Proposition: Suppose $\sigma$ is a rational strongly convex polyhedral cone in a lattice $N,$ and let the dual lattice be $M.$ By Gordan's lemma, the monoid $S_{\sigma}:= \sigma^{\vee}\cap M$ is finitely generated, say by $\mu_1, \ldots, \mu_k.$ Then the affine toric variety constructed from the cone can be realised as $U_{\sigma} = V(I_{\sigma}) \subseteq \mathbb{C}^k,$ where $$ I_{\sigma} = \big\langle \ X_1^{a_1} X_2^{a_2} \cdots X_k^{a_k} - X_1^{b_1} X_2^{b_2} \cdots X_k^{b_k} \ \big| \ a_i, b_i \in \mathbb{Z}_{\geq 0} \ , \ \sum_{i=1}^k a_i\mu_i=\sum_{i=1}^k b_i\mu_i\ \big\rangle.$$

Proof: We have $\mathbb{C}[S_{\sigma}] = \mathbb{C}[\chi^{\mu_1}, \ldots, \chi^{\mu_k}].$ Then $\mathbb{C}$-algebra homomorphism $$\varphi: \mathbb{C}[X_1,\ldots, X_k] \to \mathbb{C}[S_{\sigma}] \ : \ X_i\mapsto \chi^{\mu_i}$$ is surjective so $\mathbb{C}[S_{\sigma}] \cong \mathbb{C}[X_1,\ldots, X_k]/(\ker \varphi).$ We need to show that $I_{\sigma} = \ker \varphi.$ It is clear that $I_{\sigma}\subseteq \ker \varphi.$ For $\mu \in S_{\sigma}$ let $\pi(\mu) = \{ a=(a_1,\ldots, a_k) \ | \ a_1 \mu_1 + \ldots a_k \mu_k = \mu \}$ and adopt the notation $X^a := X_1^{a_1} \cdots X_k^{a_k}.$ Suppose $p= \sum \lambda_a X^a$ is in $\ker \varphi$ so $\displaystyle \varphi(p) = \sum_{\mu \in S_{\sigma}} \left( \sum_{a\in \pi(\mu) } \lambda_a \right) \chi^{\mu}=0.$ Therefore $\displaystyle \sum_{a\in \pi(\mu)} \lambda_a =0$ for all $\mu \in S_{\sigma}.$ We can write $\displaystyle p=\sum_{\mu \in S_{\sigma}} p_{\mu}$ where $\displaystyle p_{\mu} = \sum_{a\in\pi(\mu)} \lambda_a X^a$ so it suffices to show that $p_{\mu} \in I_{\sigma}.$ The number of non-zero coefficients of $p_{\mu}$ is finite, so suppose there are $m$ of them indexed with superscripts. We have \begin{align*} \sum_{i=1}^m \lambda_{a^i} X^{a^i} &= \lambda_{a^1} ( X^{a^1} - X^{a^2} ) + (\lambda_{a^1} + \lambda_{a^2} ) (X^{a^2} -X^{a^3}) + \ldots\\ & +\left(\sum_{i=1}^{m-1} \lambda_{a^i}\right) ( X^{a^{m-1}} - X^{a^m} ) + \left(\sum_{i=1}^{m} \lambda_{a^i}\right)( X^{a^m} - X^{a^1}) + \left(\sum_{i=1}^{m} \lambda_{a^i}\right) X^{a^1}. \end{align*} Since $\displaystyle \sum_{i=1}^{m} \lambda_{a^i}=0$ we see that $p_{\mu}$ is the sum of elements of $I_{\sigma},$ which completes the proof.

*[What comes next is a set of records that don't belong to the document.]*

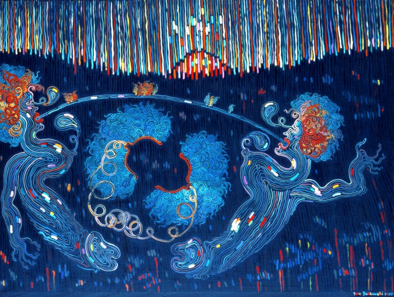 Jan Dobkowski (Łomża 1942, mieszka w Warszawie) studiował w latach 1962-1968 na Wydziale Malarstwa warszawskiej ASP pod kierunkiem prof. Juliusza Studnickiego i Jana Cybisa. Będąc jeszcze na studiach, w 1966, utworzył duet artystyczny, w którym jego partnerem był Jerzy (Jurry) Zieliński. Ich pierwsza wspólna wystawa pn. Neo-Neo-Neo odbyła się w Warszawie w 1967. Wystawiali wspólnie do 1970. W 1968 powstały pierwsze zielono-czerwone obrazy Dobkowskiego (używającego w tym czasie pseudonimu Dobson). W pracach tych, operujących giętkimi, falistymi liniami, w których upatrywano wpływów secesji, artysta używał sposobów rodem z op-artu dla wywołania złudzeń optycznych (wirowanie, mżenie, pozorny ruch form). Równolegle z obrazami tworzył też formy z płyt i folii do montowania w przestrzeni. Złoty medal na Sympozjum Złotego Grona w Zielonej Górze w 1971 i blisko roczny pobyt w USA na stypendium Fundacji Kościuszkowskiej w 1972 to kolejne etapy pełnej sukcesów kariery malarza. Wyraźną zmianę nastroju i wymowy jego prac przyniosły wydarzenia 1980-1981 roku, zwłaszcza wprowadzenie stanu wojennego. Monochromatyczne, ciemne płótna znaczył wtedy nikłymi, wiotkimi liniami rysunku. Najczęstszym motywem były patriotyczne i religijne symbole, dopowiadane tytułami nawiązującymi do realiów czasu. Kolejna radykalna zmiana nastąpiła ok. 1990. Symbolicznym zwiastunem nowego okresu stał się olbrzymi, radosny, eksplodujący bogactwem barw, kształtów i ruchu obraz ...a życie sobie płynie... (394 x 588 cm) z 1990-1991. Podobne cechy formalne charakteryzują twórczość artysty w całej dekadzie lat 90. Równolegle z malarstwem Dobkowski pracuje nad rysunkiem, będącym bardzo ważnym dopełnieniem jego twórczości.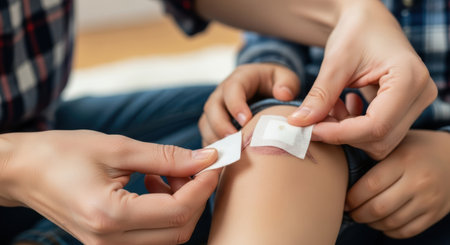 Adult gently applies a bandage to a child's knee, highlighting a caring moment in a cozy home setting, emphasizing the importance of health and emotional support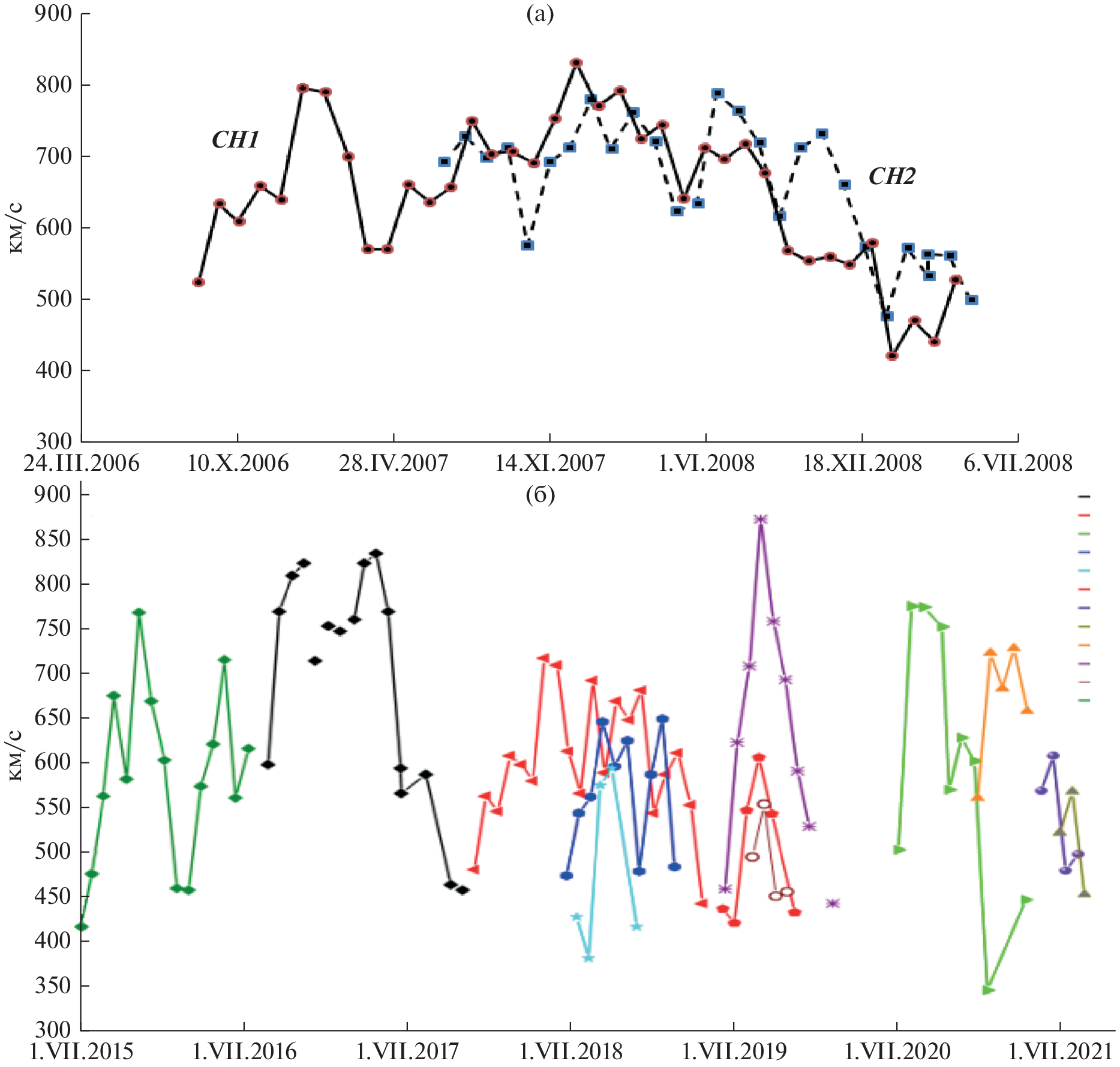 - Zhao L., Landi E., Fisk L.A. et al. The coherent relation between the solar wind proton speed and O7+/O6+ ratio and its coronal sources // AIP Conference Proceedings. 2016. V. 1720. 020007. https://doi.org/10.1063/1.4943808

It is true that if $\sigma$ has codimension zero in the lattice then there is actually a unique minimal set of monoid generators (that is, no element in the set is generated by the others), so for that case there are no choices to be made.

I am actually in the process of writing an introduction to Toric varieties that does not assume any familiarity with schemes or anything beyond the bare basics of a first course in algebraic geometry. If you are interested I can send it to you when I finish writing them next week.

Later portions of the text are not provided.